▸ Provided data
========================

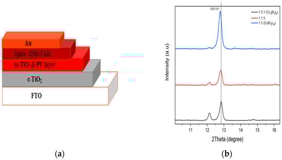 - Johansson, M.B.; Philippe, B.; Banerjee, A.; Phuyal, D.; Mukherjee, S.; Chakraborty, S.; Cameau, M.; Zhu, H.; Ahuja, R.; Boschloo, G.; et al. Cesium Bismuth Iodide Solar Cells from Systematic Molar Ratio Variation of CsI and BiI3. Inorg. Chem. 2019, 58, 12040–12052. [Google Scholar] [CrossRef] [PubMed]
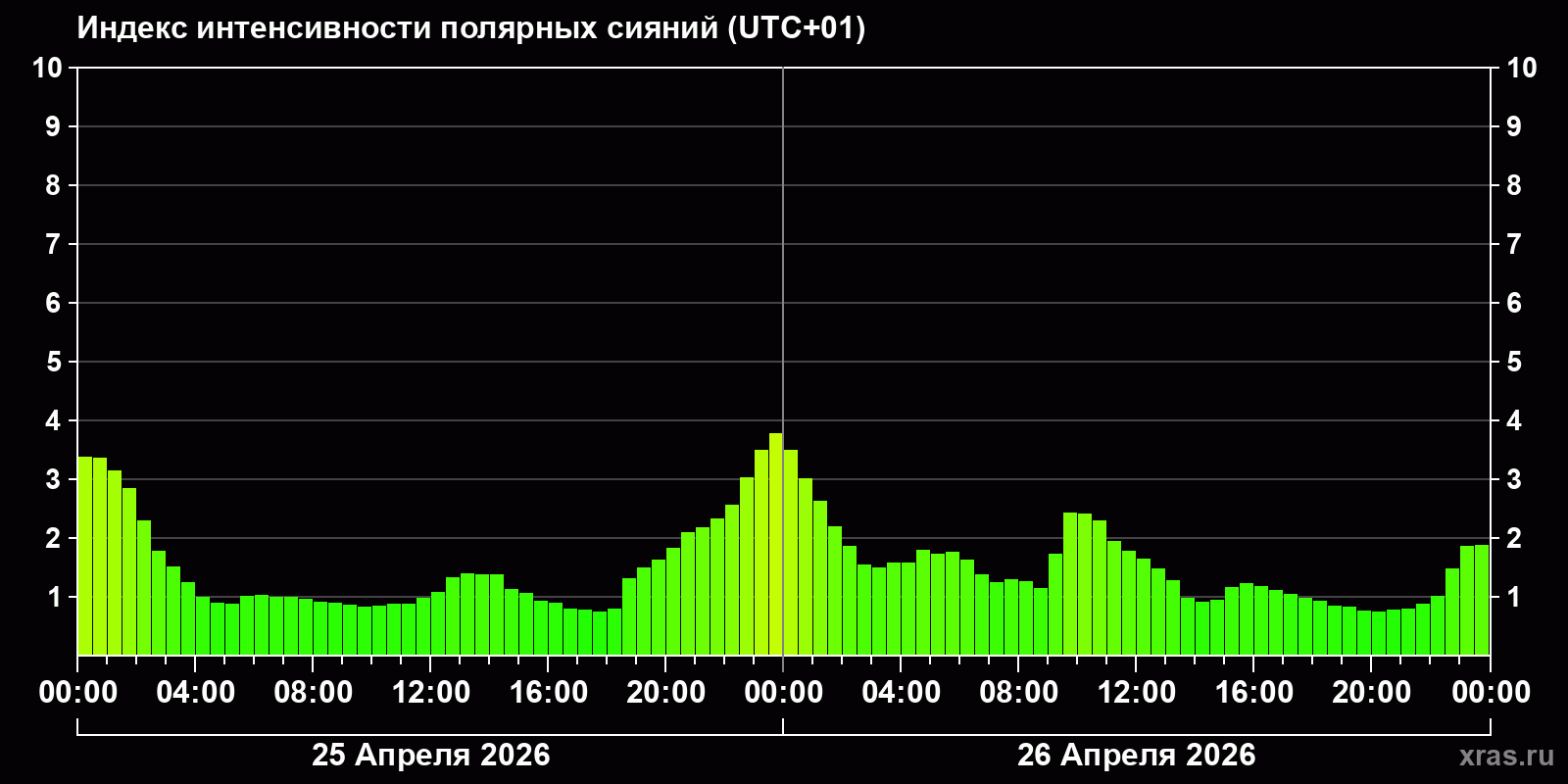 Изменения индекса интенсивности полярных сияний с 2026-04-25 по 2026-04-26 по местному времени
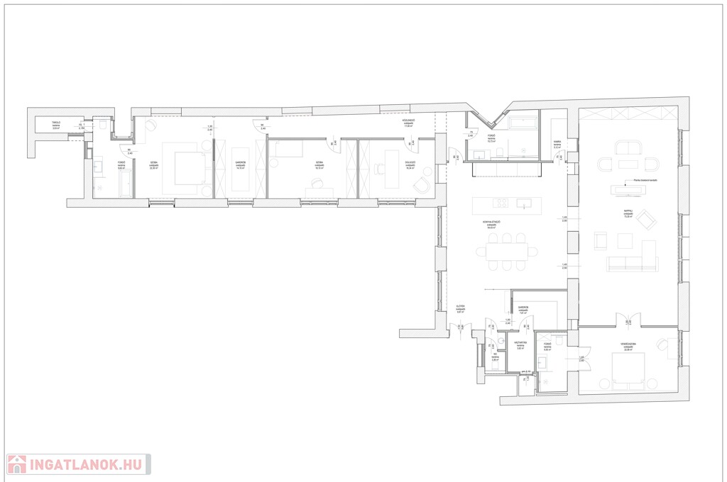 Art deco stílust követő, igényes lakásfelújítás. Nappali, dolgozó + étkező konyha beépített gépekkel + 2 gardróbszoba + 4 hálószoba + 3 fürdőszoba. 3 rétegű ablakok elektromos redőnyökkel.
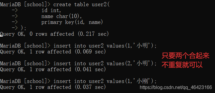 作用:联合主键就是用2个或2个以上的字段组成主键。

========================

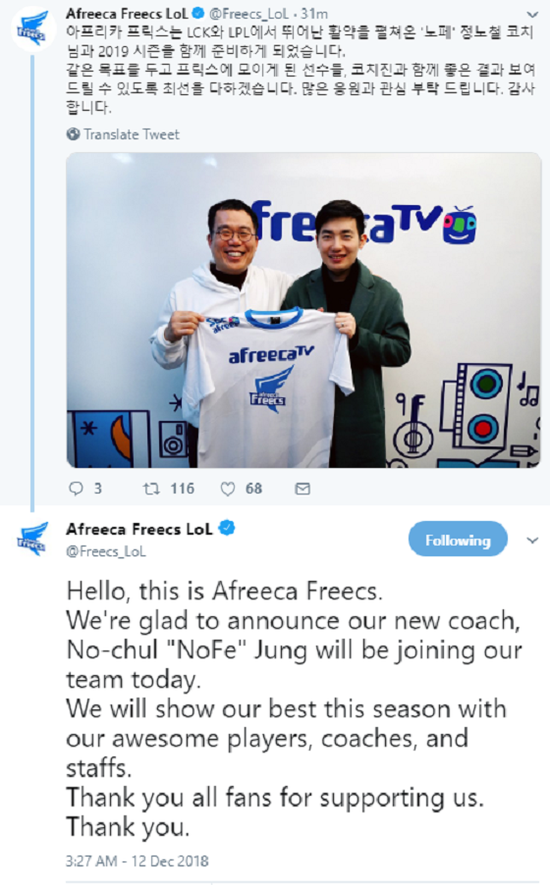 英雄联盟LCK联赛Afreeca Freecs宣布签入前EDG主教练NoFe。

========================

Taking the entries above, extract every line from the one bearing "- Johansson, M.B.;" through the one bearing "Изменения индекса интенсивности", exactly, with no pictures.

 - Johansson, M.B.; Philippe, B.; Banerjee, A.; Phuyal, D.; Mukherjee, S.; Chakraborty, S.; Cameau, M.; Zhu, H.; Ahuja, R.; Boschloo, G.; et al. Cesium Bismuth Iodide Solar Cells from Systematic Molar Ratio Variation of CsI and BiI3. Inorg. Chem. 2019, 58, 12040–12052. [Google Scholar] [CrossRef] [PubMed]
 Изменения индекса интенсивности полярных сияний с 2026-04-25 по 2026-04-26 по местному времени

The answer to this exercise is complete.